Le scénariste s’était-il fait pour autant une check-list des scènes imposées du western ? "Oui et non. Il y a de vraies scènes tirées des codes du western. Alain, sa famille et leurs amis, sont des Français passionnés par les cowboys. On a abordé cela littéralement. Il y a dans l’histoire un chasseur de primes (John C. Reilly), une scène de prison, un duel, une squaw… Pour Alain, les djihadistes sont perçus comme des Indiens. Il se lance dans une traque solitaire, comme un justicier de western. Son fils suivra un autre chemin."

Si son film est une fiction et un récit d’aventure, et évite tout raccourci politique, Thomas Bidegain entend livrer sa propre réflexion sur l’impasse de ce "choc des civilisations" qui continue de justifier les extrémismes de part et d’autre. "Tant qu’on regardera l’autre, l’étranger, comme un ennemi, on ne pourra rien résoudre. Il faut aller vers l’autre, le comprendre, et éviter les généralisations. Kid, le fils d’Alain, comprend cela. Le père s’aliène le monde, le fils s’y ouvre. Le vrai cowboy est celui qui s’adapte à son environnement."

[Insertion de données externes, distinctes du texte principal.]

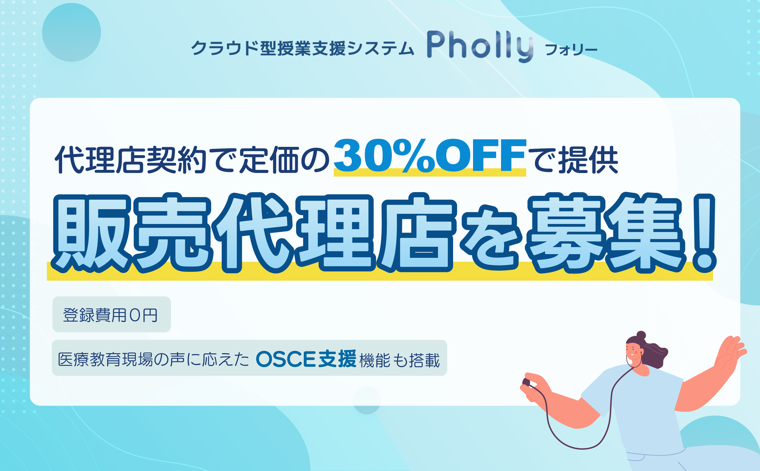 販売代理店マージンを30%へ拡大!OSCE支援機能で医療系学校から反響続々、授業支援システム「Pholly(フォリー)」

Car comme dans la quasi-totalité des films écrits par Thomas Bidegain, "Les Cowboys" est aussi l’histoire d’un passage à l’âge adulte. "Ou qu’est-ce que cela signifie de prendre ses responsabilités. C’est autant le récit d’un père qui cherche sa fille que d’un fils qui cherche son père. Qu’est-ce qu’on hérite ? Qu’est-ce qu’on transmet ?" La question interpelle le scénariste : "J’ai commencé à écrire des scénarios l’année où mon père est mort. On comprend ce que c’est les fantômes quand on perdu ses parents parce qu’on s’aperçoit après à quel point on leur ressemble ou on peut reproduire des choses qu’ils nous ont transmises. L’héritage, c’est ça."

L’enjeu essentiel de cette première réalisation était pour le scénariste le travail avec les comédiens. "Je fais partie de cette école de cinéma qui considère que la forme du film doit être incluse dans le scénario. Par contre, ce qu’on n’arrive pas à mettre en page, c’est l’apport de l’acteur. Ce qu’il y a de magique, c’est lorsque vous parvenez à transcender une scène par le simple fait d’avoir murmuré une petite indication à l’oreille d’un comédien."